*DIRECTIONS FOR THIS TASK*
Give the listing again, word for word, and let no picture into it.

►

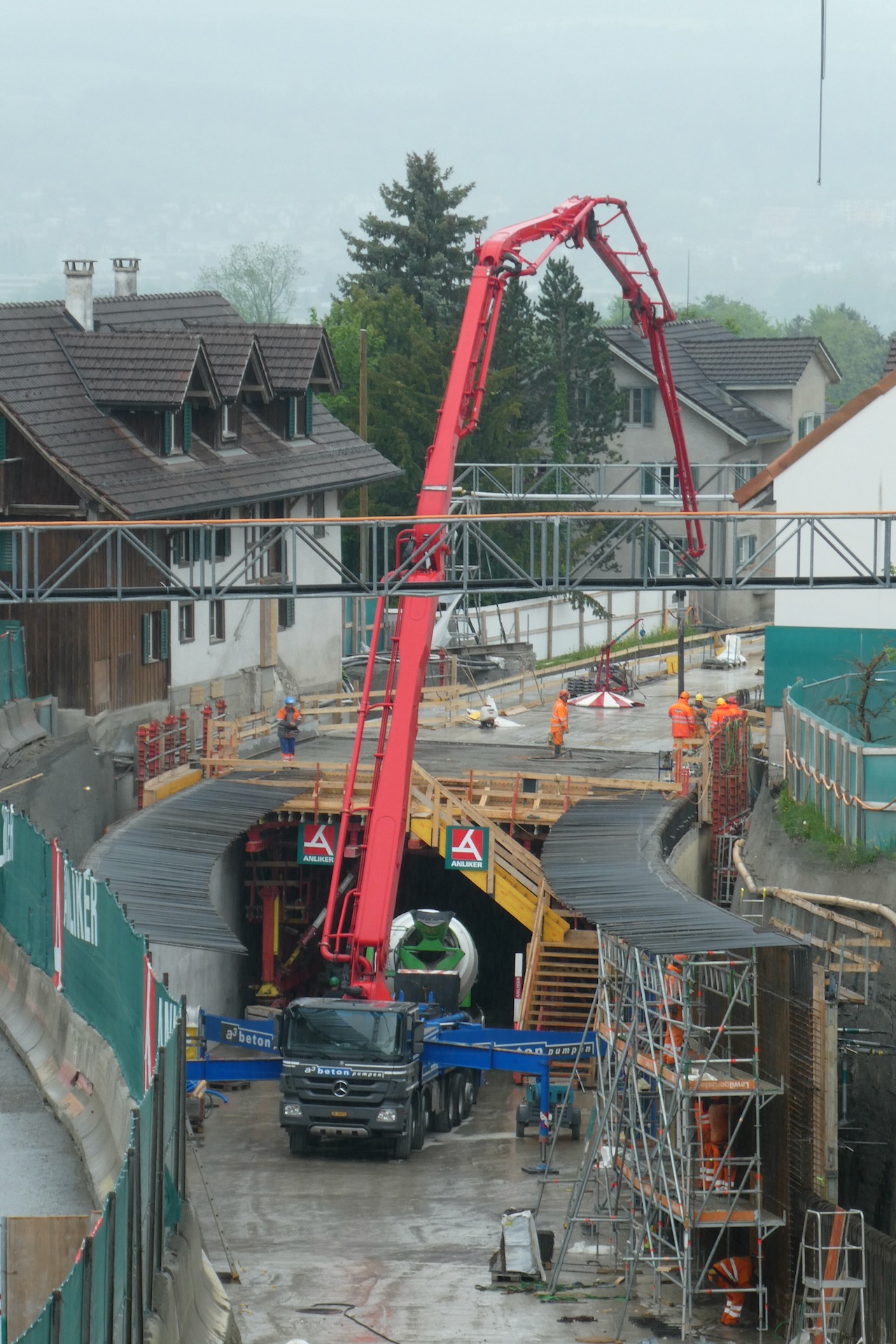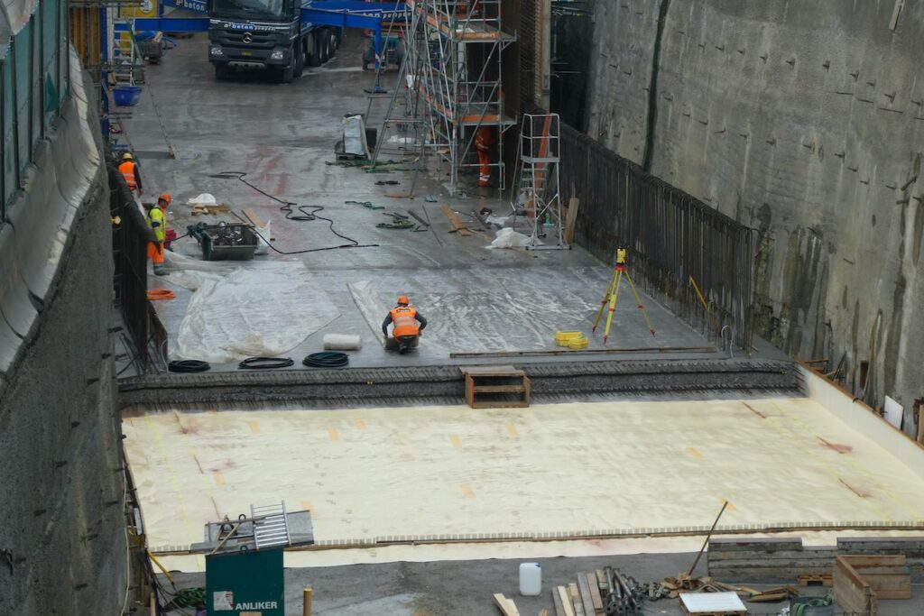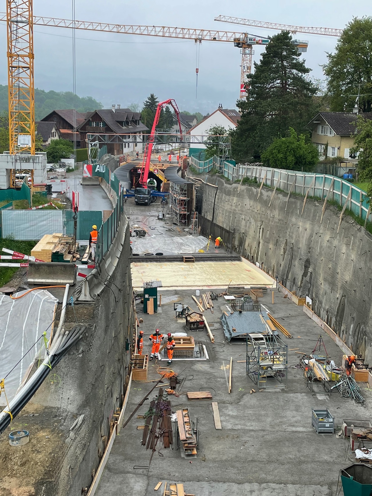 Von der Arbeitsweise her läuft hier alles im Wochentakt. Anfangs Woche wird eine Bodenplatte vorbereitet und betoniert, danach folgen die Wände und Ende Woche eine Decke. Danach kann diese über das Wochenende trocknen und in der neuen Woche wird eine patentierte Konstruktion mit den Schalwänden vorwärts bewegt. So entstehen jede Woche 12.5 Meter der Überdeckung.
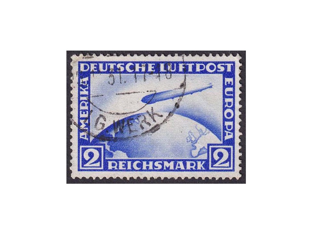 Poštovní známka, 1928, 2 RM Zeppelin, MiNr.423, razítkované
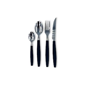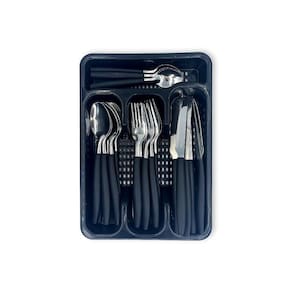 Jogo De Talheres Faqueiro Aço Inox Com Gaveteiro - Preto Junto com as 24 peças de talheres que são compostos por 6 facas, 6 garfos, 6 colheres e 6 colheres de chá, o nosso jogo vem com um porta talher de gaveta que além de manter sua gaveta ou balcão organizado também é versátil ao servir como um escorredor dos talheres, um jogo completo. Suas dimensões são: Facas: Comprimento 22,2 cmGarfo: Comprimento 20,1 cmColher De Mesa: Comprimento 19,5 cmColher De Sobremesa: Comprimento 15 cm Marca: FULLCOMMERCE
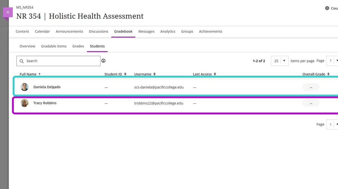Once completed, the first student will see all the lab assignments grayed out in their gradebook, while the second student will see the online assignments grayed out.
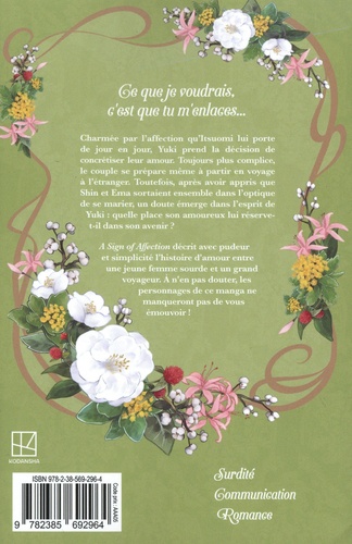 Charmée par l'affection qu'Itsuomi lui porte de jour en jour, Yuki prend la décision de concrétiser leur amour. Toujours plus complice, le couple se prépare même à partir en voyage à l'étranger. Toutefois, après avoir appris que Shin et Ema sortaient ensemble dans l'optique de se marier, un doute émerge dans l'esprit de Yuki : quelle place son amoureux lui réserve-t-il dans son avenir ? A Sign of Affection décrit avec pudeur et simplicité l'histoire d'amour entre une jeune femme sourde et un grand voyageur. A n'en pas douter, les personnages de ce manga ne manqueront pas de vous émouvoir !
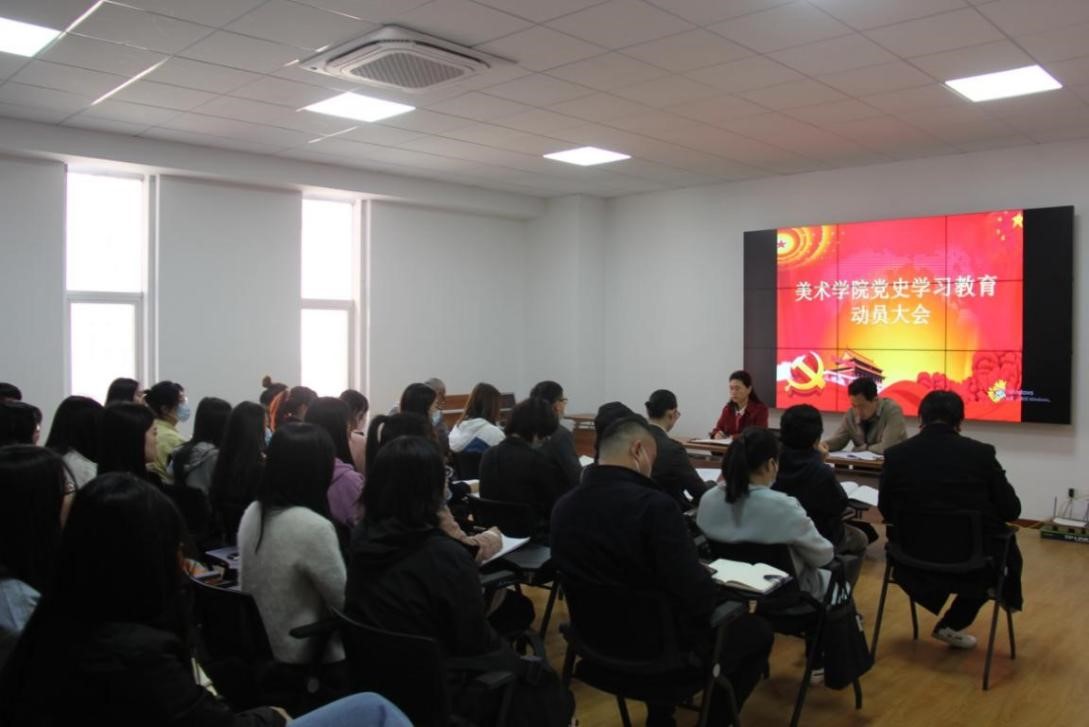 曲阜师大新闻中心讯 3月26日上午10点,美术学院在M楼201会议室召开党史学习教育动员大会,党委书记周彩霞主持本次会议,美术学院全体党员参加此次会议。
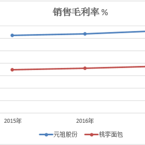 元祖股份与桃李面包近三年毛利率比较
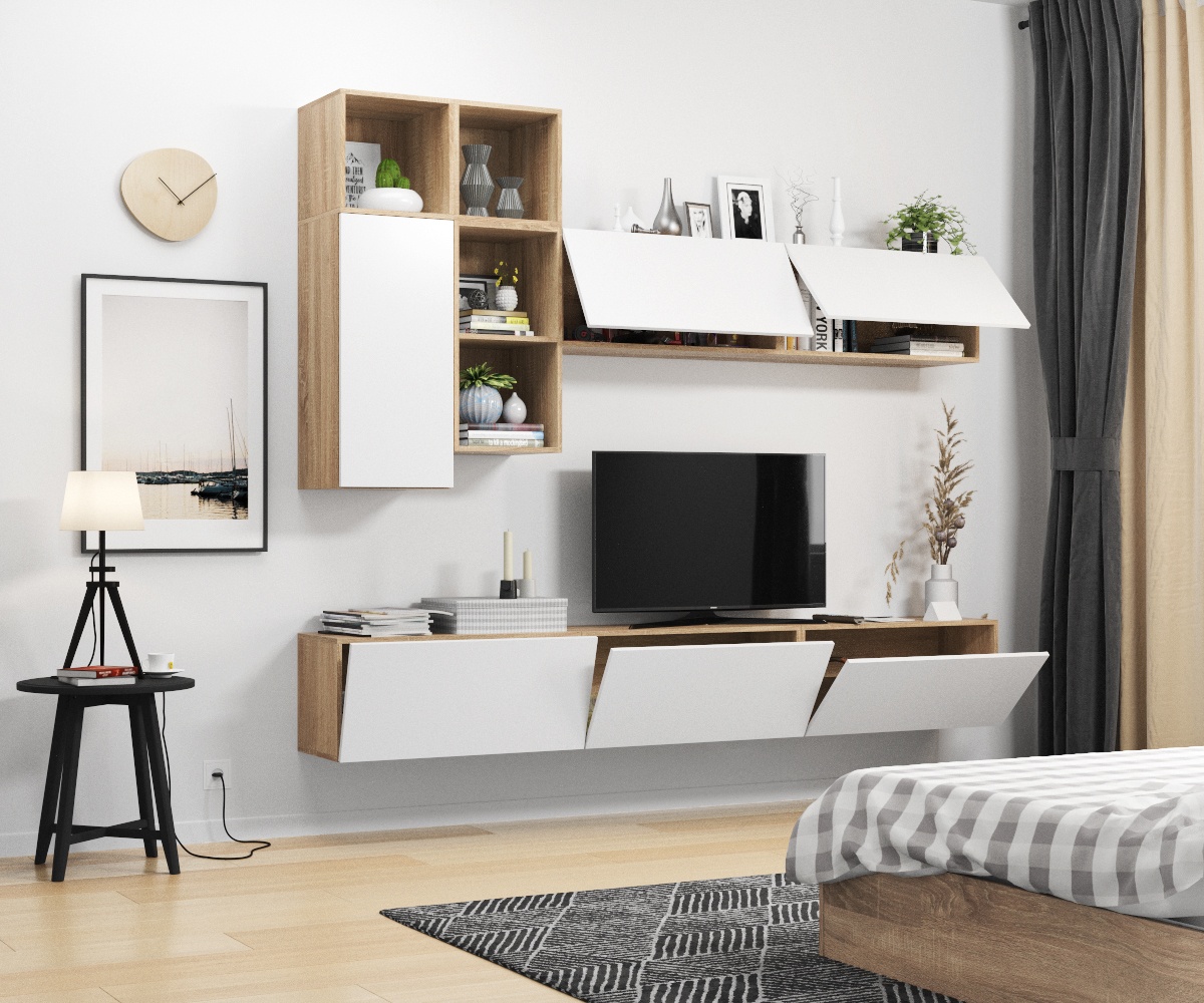 - Подойдёт для любой комнаты: подвесные тумбы можно использовать как полки для детской, модульную ТВ-тумбу поставьте в гостиную или спальню!

◄

*EXERCISE RESULT*
 Von der Arbeitsweise her läuft hier alles im Wochentakt. Anfangs Woche wird eine Bodenplatte vorbereitet und betoniert, danach folgen die Wände und Ende Woche eine Decke. Danach kann diese über das Wochenende trocknen und in der neuen Woche wird eine patentierte Konstruktion mit den Schalwänden vorwärts bewegt. So entstehen jede Woche 12.5 Meter der Überdeckung.
 Poštovní známka, 1928, 2 RM Zeppelin, MiNr.423, razítkované
 Jogo De Talheres Faqueiro Aço Inox Com Gaveteiro - Preto Junto com as 24 peças de talheres que são compostos por 6 facas, 6 garfos, 6 colheres e 6 colheres de chá, o nosso jogo vem com um porta talher de gaveta que além de manter sua gaveta ou balcão organizado também é versátil ao servir como um escorredor dos talheres, um jogo completo. Suas dimensões são: Facas: Comprimento 22,2 cmGarfo: Comprimento 20,1 cmColher De Mesa: Comprimento 19,5 cmColher De Sobremesa: Comprimento 15 cm Marca: FULLCOMMERCE
Once completed, the first student will see all the lab assignments grayed out in their gradebook, while the second student will see the online assignments grayed out.
 Charmée par l'affection qu'Itsuomi lui porte de jour en jour, Yuki prend la décision de concrétiser leur amour. Toujours plus complice, le couple se prépare même à partir en voyage à l'étranger. Toutefois, après avoir appris que Shin et Ema sortaient ensemble dans l'optique de se marier, un doute émerge dans l'esprit de Yuki : quelle place son amoureux lui réserve-t-il dans son avenir ? A Sign of Affection décrit avec pudeur et simplicité l'histoire d'amour entre une jeune femme sourde et un grand voyageur. A n'en pas douter, les personnages de ce manga ne manqueront pas de vous émouvoir !
 曲阜师大新闻中心讯 3月26日上午10点,美术学院在M楼201会议室召开党史学习教育动员大会,党委书记周彩霞主持本次会议,美术学院全体党员参加此次会议。
 元祖股份与桃李面包近三年毛利率比较
 - Подойдёт для любой комнаты: подвесные тумбы можно использовать как полки для детской, модульную ТВ-тумбу поставьте в гостиную или спальню!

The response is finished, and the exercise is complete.